Tuesday 31 August 2010

No roses in Picardy

Our breakfast is an international melange: French - exquisite fresh bread; German - Aldi’s brilliant fruit and nut muesli; and our Aussie standby: vegemite, which we bought across with us as we can't seem to do without it overseas. 

We head out amid peaceful green fields and discover we are in Picardy. There are no roses in Picardy. But there are graves. Never-ending fields of symmetrical, meticulously kept war graves. Oddly, we would not have chosen to come this way. We usually avoid war areas and war memorabilia, as philosophical objectors. 

We were woken by sunlight and the smell of fresh baked French bread wafting through the motorhome windows from the village boulangerie. All so at peace. It is only when we pass a sign identifying the region as the sight of one of the bloodiest battles in the Great War, the Somme, that I begin to think some of my Irish heritage is kicking in, and that fate, and the Irish faeries, have drawn us here. I suddenly realise that it is here that my funny fat little Grandfather Harry went quite bonkers. When he was only seventeen. 

Here, he lay in a trench that he had dug to protect himself, shivering in the only warmth he owned, his Army-issue greatcoat; his blisters raw and bleeding in ill-fitting army boots as he tried, under orders, to take potshots at other boys, as young as he was, barely 17, just out of sight, just over the hill, trying to hide, too, in their shallow dugout shelters, all of them shivering in mind-bending fear. 

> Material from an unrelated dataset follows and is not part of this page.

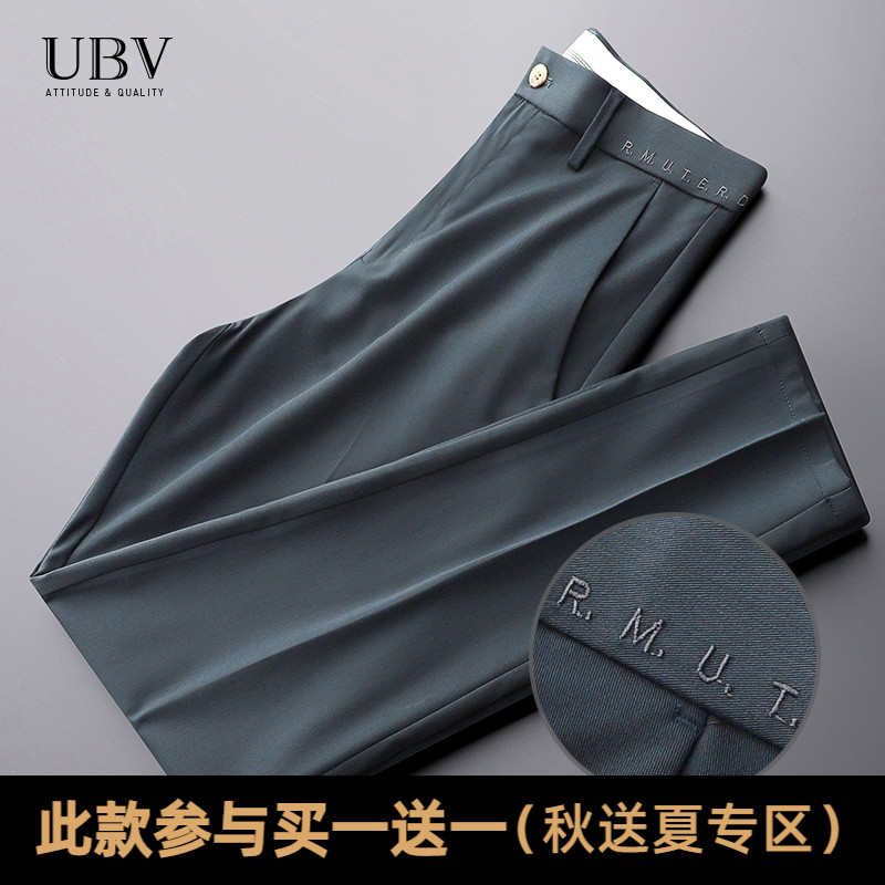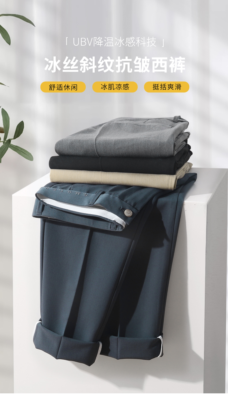 UBV夏季休閒褲子商務冰絲西裝褲男士2023新款春秋薄修身九分西褲
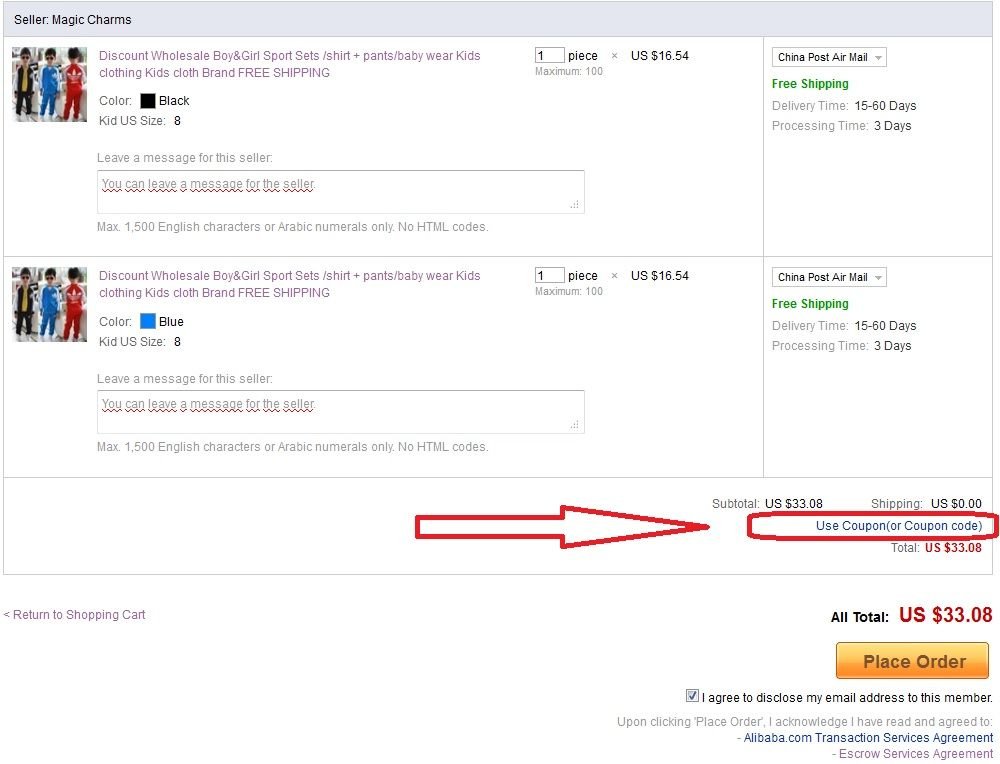 Аз стигнах до извода, че трябва поне от 1 търговец да имаш сумата, необходима да се задейства кода, за да се появи изобщо линка  с  Use Coupon(or Coupon code)

The fields they fought are now littered with silent earth covered bodies, topped with white crosses; and, sometimes, red poppies. The boys are two to a grave, ten graves wide, seventeen rows deep. I count 340 to each plot. And, tragically, here are 20 more massive plots. That makes seven thousand innocents, not yet men, lying buried in this field alone. And this is one field. There are thousands upon thousands more in each burial field as we silently pass. 

Down this row of plane trees lining the road my grandfather likely marched with his battalion. Into this tiny village church, under this spire, he probably crept to pray. To stay alive. Even shell-shocked and witless. Wave after battlefodder wave of these young men who set out from Australia, Canada, Britain, France and Germany in that Great War, fell for the last time on these Flanders fields. Where wild poppies now bow their tall heads in the summer. At the intolerable senselessness of it all. The day stretches on, past the endless mass of simple white crosses standing symmetrical in every field. 

We have, as always in France, invitations to park our motorhome in wonderful rural locations throughout France, all for free. Tonight we are parked in one of the loveliest we’ve visited. It is a farm, in the heart of another village, opposite another church, with another lovely church bell tolling away gentle hours from its tower. 

The farmhouse is large. Its two stories front the village street with its back into a gardened courtyard. The outhouses, including stone and stuccoed homes for permanent farm workers, large barns, and neat machinery sheds are all built around the perimeter of a large internal square.

Like the old fortified bastides of earlier days. It all feels very secure, womb-like. 

Monsieur Alain, the owner, greets us and encourages Bec to take a walk beyond the farm gates to visit the donkeys, ponies, geese, rabbits, pigs and chickens in the fields. As usual, the animals flock to her and she is generous with her pats. 

After a long walk around the village we buy local honey and aged beer, reminiscent of how I imagine medieval mead must have tasted, and it is all utterly delicious! And, again, we marvel how much better everything seems to taste in France. Dinner tonight is fennel with wine-doused steak. We finish off with something wicked (abricot tartlette) from this morning’s village boulangerie. We fall asleep smiling, and wake when a cockerel crows.